The ski area was established in the mid-1950s by Ernie Blake, a German Jew born Ernst Hermann Bloch who emigrated from Germany in 1938 and changed his name to Blake during World War II, when he worked as a U.S. Army intelligence officer interrogating top Nazis.

Before fleeing Europe, Blake served as a Swiss Air Force pilot and is said to have been excluded from the 1936 German Olympics ice hockey team only because of his Jewish background. After moving to America, Blake worked in the winter department of Saks Fifth Avenue.

After installing its first lift, a J-bar, in 1956, Blake and his family turned what had been a forested area of the Sangre de Cristo range of the Rocky Mountains into a ski resort with 1,300 acres spread over 110 trails serviced by 13 lifts. The area, which tops out at about 12,500 feet, averages about 300 inches of snow per year.

Until its sale earlier this month, Taos was one of the last large family-owned ski mountains in America.

Bacon, the buyer, is the founder of Moore Capital Management, a hedge fund. Bacon owns thousands of acres of land in Colorado, Long Island and the Bahamas, and last year he helped protect 167,000 acres of ranch land in Colorado by donating conservation easements to the U.S. Fish and Wildlife Service, according to The New York Times. His fortune is estimated at $1.4 billion, according to Forbes.

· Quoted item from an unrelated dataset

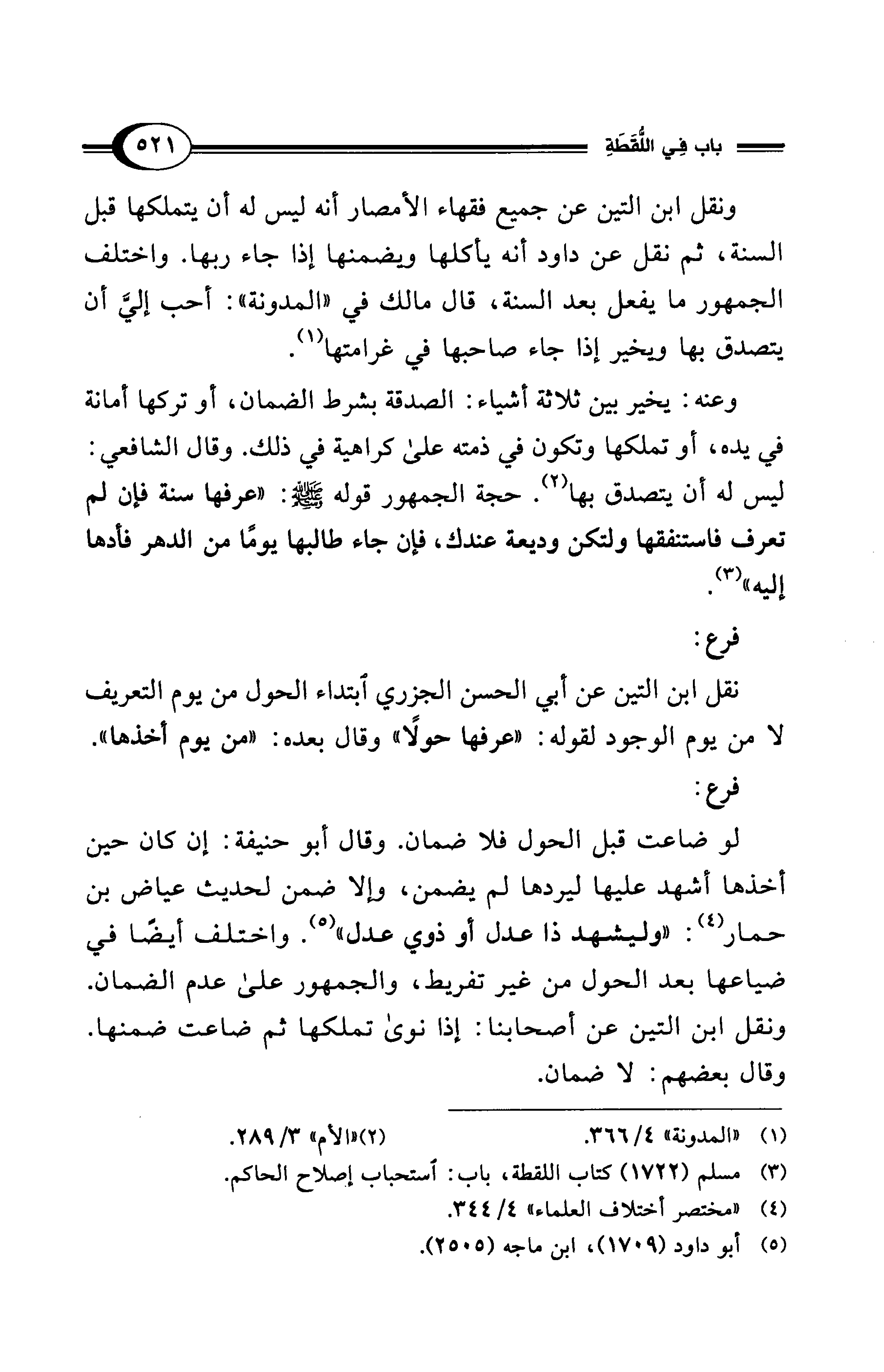 وعنه: يخير بين ثلاثة أشياء: الصدقة بشرط الضمان، أو تركها أمانة في يده، أو تملكها وتكون في ذمته على كراهية في ذلك. وقال الشافعي: ليس له أن يتصدق بها (¬2). حجة الجمهور قوله - صلى الله عليه وسلم -: "عرفها سنة فإن لم تعرف فاستنفقها ولتكن وديعة عندك، فإن جاء طالبها يومًا من الدهر فأدها إليه" (¬3).

The announcement regarding Taos did not disclose the amount of sale.

Despite its size and quality skiing, Taos’ base area is far less developed than most similar-sized American ski resorts, and the Blake family reportedly did not have the cash to make necessary capital improvements to Taos.

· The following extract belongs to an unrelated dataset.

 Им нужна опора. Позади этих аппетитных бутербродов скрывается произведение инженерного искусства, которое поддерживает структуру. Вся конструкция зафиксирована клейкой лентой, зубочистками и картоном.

“The family got together and had this big heart-to-heart about how as a ski operation we will never be able to make these improvements without risking the company,” Blake’s granddaughter, Adrianna Blake, said, according to the Times.

Blake died in 1989, but many of his family members still work on the mountain, and his presence is still palpable on Taos. Four ski trails are named after the German officers who tried to assassinate Hitler in July 1944, and a slope called Al’s Run is named for a Jewish doctor friend of Blake’s who supported the development of Taos and so loved skiing that he kept going even after a heart condition forced him to take to the slopes with an oxygen tank strapped to his back.

Blake’s legacy at Taos was the subject of an award-winning JTA story in December 2011.